In Fali Nariman's autobiography "Before Memory Fades", he describes an episode from the period of emergency in India. He says, "Former attorney general CK Daphtary (CK) and senior advocate ST Desai (ST) were distinguished contemporaries, both Gujarati speaking. They always came in early to the Bar library, sat opposite each other, occasionally exchanging pleasantries. One morning, in August 1975, I was the sole witness to the following conversation: ST (holding a cigarette between his third and fourth fingers, with loosely clenched fists, as was his habit): Chandubhai, bolo [Chandubhai, speak].

"CK (puffing away at his pipe; his eyes sparkling with mischief) Sunderlal, tame pahle bolo [Sunderlal, you speak first]. In those dark forbidding days of the Emergency when informers were around, you only spoke, within the hearing of others, when you had to! Unwittingly, these stalwarts of the Bar had encapsulated, in an innocent, spontaneous one-act play, the entire climate of the times!"

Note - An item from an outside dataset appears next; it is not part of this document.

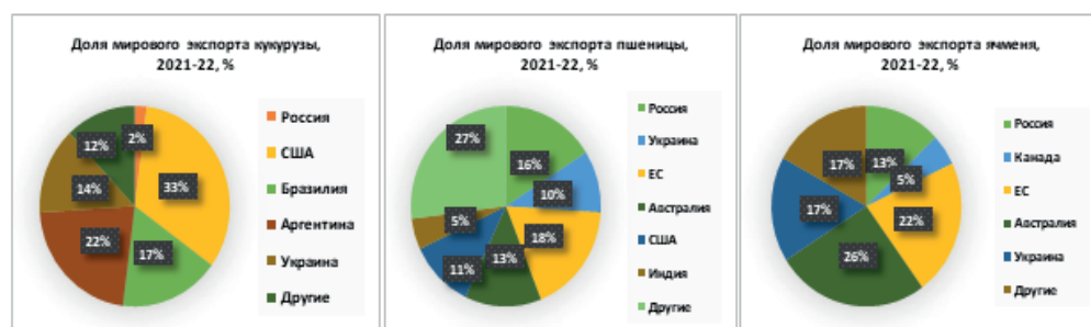
Рис. 1 – Доля экспорта зерновых РФ, 2021-22 гг., %

ячменя, 2% – кукурузы (см. рисунок 1). В физическом эквиваленте эти показатели составили 32 млн т., 5 млн т и 4 млн т соответственно. Среди производителей пшеницы Россия уверенно занимает 3-е место (1,2 млрд тонн), уступая лишь странам с самым большим населением в мире Индии (1,8 млрд тонн) и Китаю (2,4 млрд тонн).

==Treatment towards young lawyers==

In Fali Nariman's autobiography "Before Memory Fades", he describes how Justice S. T. Desai encouraged juniors. He writes, "In my time, we were fortunate to have judges who were considerate and kind to juniors. Amongst them were Justice N. H. Coyajee, Justice Sunderlal T. Desai and Justice Kantilal T. Desai, not to forget Chief Justice M. C. Chagla, who was in a class by himself...Another judge, Justice Sunderlal T. Desai (who, after a long judicial career, practised for many years in the Supreme Court) would always slip into his judgment a word of praise for the arguing junior – a tremendous boost for the latter's morale."

==Trademark Case==

In 1961, Justices M.C.Chagla and Desai held in the CIBA trademark case "The Court cannot look at the two trademarks and on considering them phonetically, can decide whether they resemble each other or there is likelihood of deception. There must be evidence of deception, but if the resemblance between the two marks is clear and obvious. The mark which is likely to cause deception must be removed"

==Tax Case==

He appeared for the assessee in a number of income tax cases and was often quoted. In a particular case, arguing on Mitakshara law for Mr. Reddy, it was held in judgement,"Where ignorance is bliss, ‘Tis folly to be wise." Amen! when Desai tried to argue on the point of Hindu law.

== Election Case ==

In 1970, President V. V. Giri's Election Campaign was challenged. Desai was appointed as senior counsel to cross-examine the case cited Shiv Kirpal Singh vs Shri V. V. Giri.

==Educational law Cases==

He argued in the landmark judgement on reserving rights of admission in educational institutions in the case of Gujarat State against St. Xavier's College.

== Maintenance to divorced women==

He appeared before the Supreme Court in the case of Ramesh Chander Kaushal v. Veena Kaushal ((1978) 4 SCC 70) which laid down the landmark judgment that maintenance to a wife should continue under Section 127 of the Criminal Procedure Code even after divorce.

==Sales Tax case==

In State of Tamil Nadu v Binny Ltd., Madras in Civil Appeal No. 757 (T) of 1973 appearing before a three-judge bench of the Supreme Court composed of P. N. Bhagwati, A. P. Sen. E. S. Venkataramiah JJ, he argued on the issue of whether sales of provisions effected by the assessee in a workmen's Store maintained by it are assessable to tax under Tamil Nadu General Sales-tax Act, 1959.

== Personal life ==

He was married to Taraben Desai and had three children. His grandson Satyajeet Desai is a Senior Advocate practicing in the Gujarat High Court and is the revising author of Mulla's Hindu Law and Desai on Partnership. His great grand daughters, Aarushi Desai and Manushi Desai are also lawyers practicing in Ahmedabad.